Barnaby Joyce and Steven Fielding are unlikely working-class heroes. But although they may sit uneasily with Labor, unions and the Left, the one-time pub bouncer from Queensland and the Victorian evangelical Christian are the two men who could thwart Prime Minister John Howard's plans to crush unions and decades of collective bargaining and award conditions.
Last year's election opened the political road to Howard's industrial steamroller. A one-vote majority in the Senate was all he needed - or it should have been. But he reckoned without the pugnacious Joyce, a Queensland National. Joyce's determination to use his vote how he sees best has made Howard's Senate majority a fragile advantage.

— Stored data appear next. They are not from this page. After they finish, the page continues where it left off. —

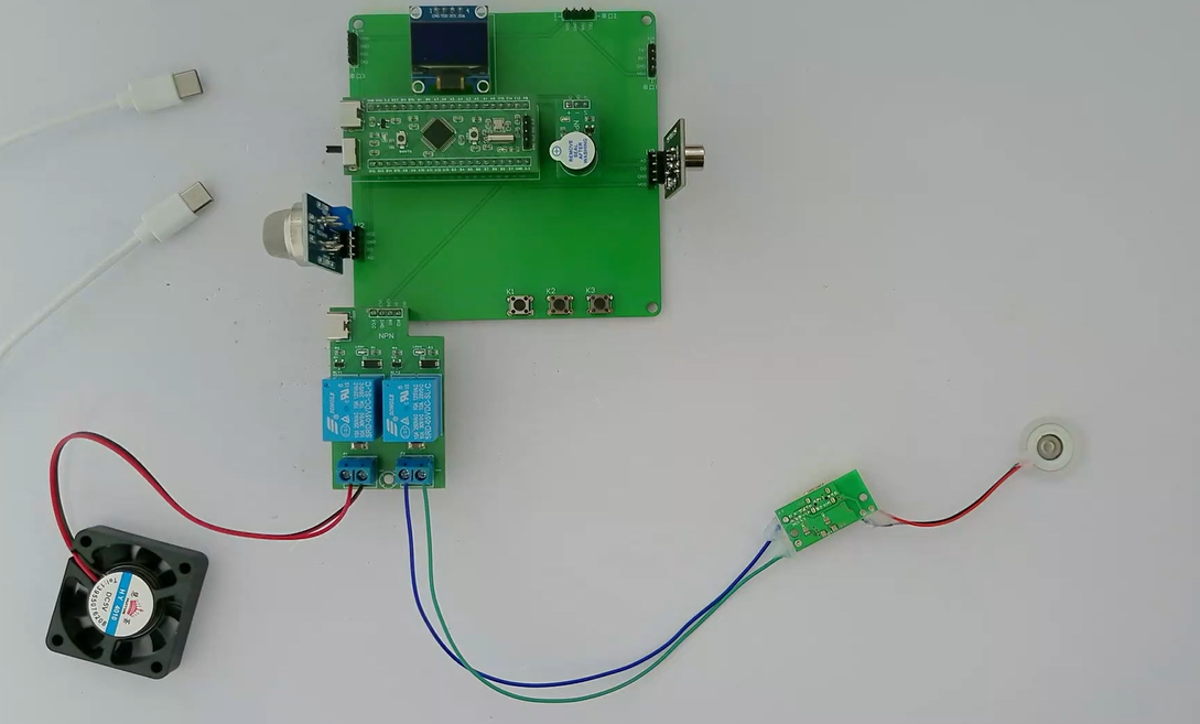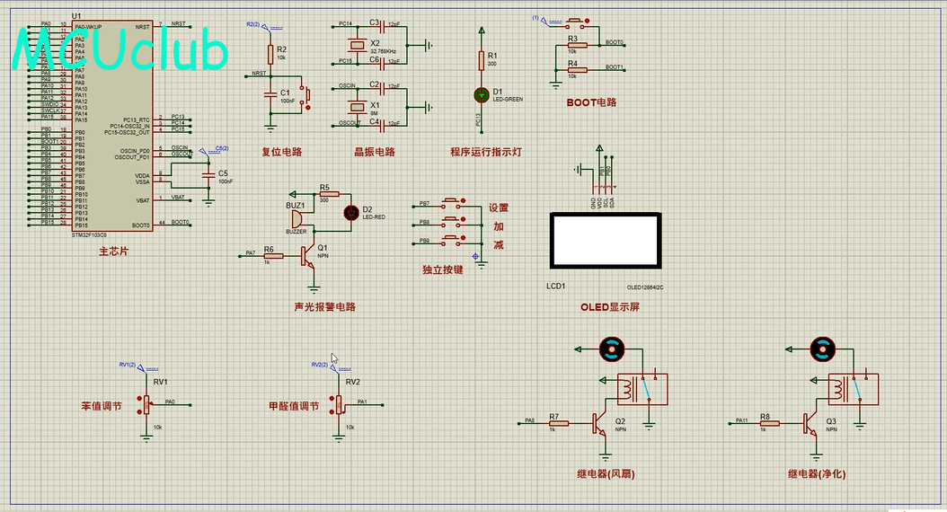 1、通过MQ-135模块检测苯气体值,当苯气体值大于设置最大值时开启风扇和净化器,同时进行声光报警提醒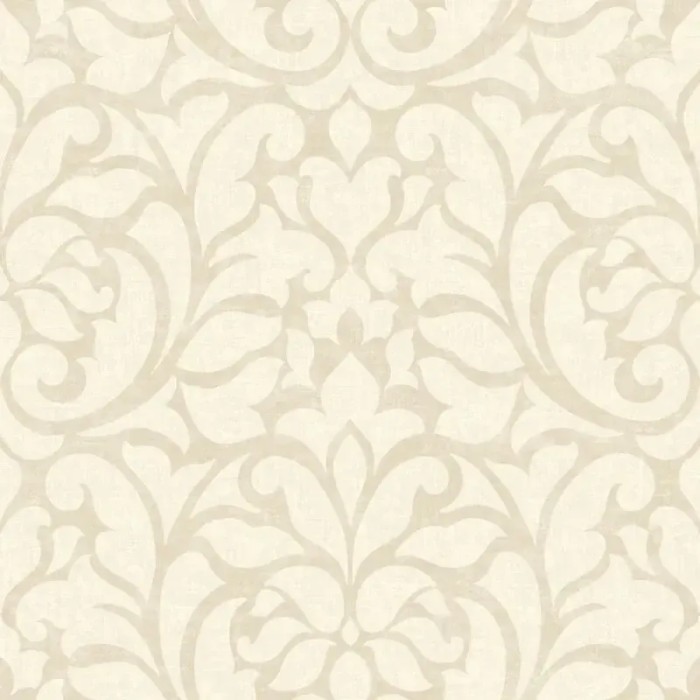 Papel pintado damasco tonos blancos y gris claro, ideal para salones o dormitorios con estilo sobrio y atemporal.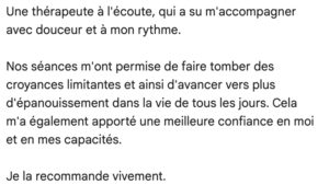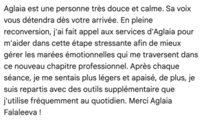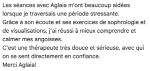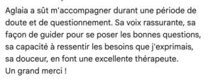 Cet entretien gratuit de 20 minutes par téléphone permet de faire connaissance, de répondre à vos interrogations et de nous assurer de l’adéquation entre vos attentes et mon approche.
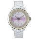 Ein Digitalbcon-Design mit einem amethystisch lila Farbmotiv und Damast-Design in dieser einzigartigen "Damask Amethyst Wedding Anniversary"-Uhr. Dieses ansprechende und elegante Design ist mit kontrastfarbenen Uhrenfiguren und individuell gestaltbaren Textschriften zum Anzug Ihres eigenen besonderen Anlasses ausgestattet und ist somit das ideale Jubiläumsgeschenk für Eltern oder Ehegatten.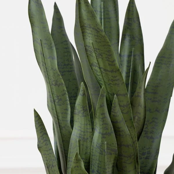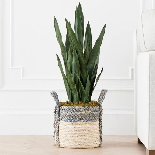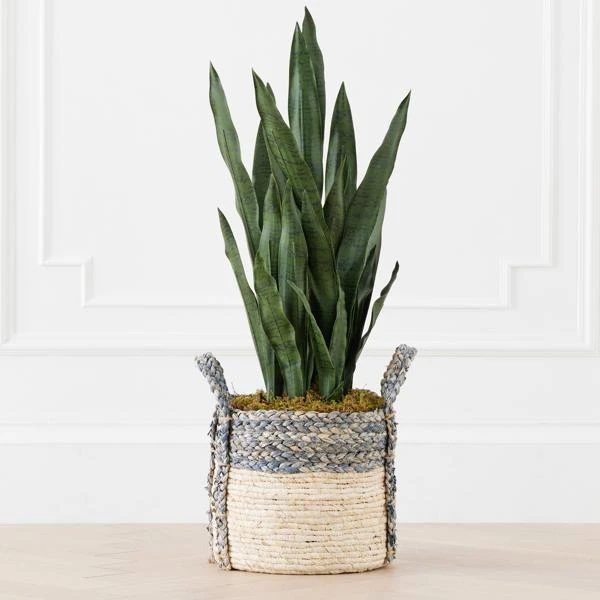 A visually stunningĀ and stately faux arrangement featuring Mother in Law’s Tongue in a woven blue and tan basket.Ā

Howard should have been able to turn to Fielding, the first and sole representative of the Family First Party in Canberra. The party, at first seen as a clone of American-style far-Right religious activism, had forged an alliance of kinds with Howard during the election. But Fielding has proven himself a man with a strong, independent agenda.

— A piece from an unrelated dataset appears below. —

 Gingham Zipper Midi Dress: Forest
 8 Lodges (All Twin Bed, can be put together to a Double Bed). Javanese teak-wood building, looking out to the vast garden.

Both opposed the full privatisation of the telecommunications giant Telstra, and would have killed it were it not for the considerable concessions forced from Howard by Joyce.

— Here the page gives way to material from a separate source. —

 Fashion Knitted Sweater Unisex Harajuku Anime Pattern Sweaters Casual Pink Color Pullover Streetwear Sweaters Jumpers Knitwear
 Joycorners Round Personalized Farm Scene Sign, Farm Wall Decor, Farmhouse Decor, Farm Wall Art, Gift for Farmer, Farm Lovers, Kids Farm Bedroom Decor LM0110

This week Joyce crossed the floor to kill the Government's bid to ease the restrictions on mergers by big business. He had previously frustrated a proposed ban on compulsory student unionism.
Now the two men are all that stand between Howard and one of the key goals of his career in politics: an almost union-free workplace. But it is a coincidence of divergent agendas.
Joyce, a 38-year-old father of three, came to Canberra with plans to make his presence felt for a fairly short, hard-hitting, time in the Senate. He is self-made, a one-time farm worker and bouncer, now a self-employed accountant.
His party has been on the ropes for years, shrinking in support and significance as demographics and history whittle away its rural base.
Joyce has made it clear his loyalties lie first with Queensland and his party.
He has also made it clear he is unhappy with elements of Howard's package, most notably the plan to replace state-based awards with single national agreements - anathema to the fiercely partisan Queenslander who abhors any attempt to toy with the constitutional rights of the states to govern themselves.
Joyce has yet to declare whether he will again cross the floor to defeat the package. But Howard has made it clear that he is not open to negotiation - "This is not an ambit claim" - and Joyce will face the choice of caving in or killing the whole beast.
If he does stand his ground, Fielding would have been the man most likely to be courted to make up the Government numbers. But although Family First shared sufficient values and had sufficient political nous to extract concessions from Howard during the election - including a commitment to test all new laws for their effect on the welfare of families - the Prime Minister has little chance of shifting Fielding on industrial relations.
Family First has a broad and often surprisingly liberal platform, championing issues ranging from improved Aboriginal health and education to increased foreign aid.
Fielding passionately shares these beliefs and values.
He is from a Melbourne family of 16 children and came to Canberra after a career that spanned finance, telecommunications - including a spell in New Zealand with Telecom - media and IT.
Like Joyce, but with different motivations, he intends walking his own path.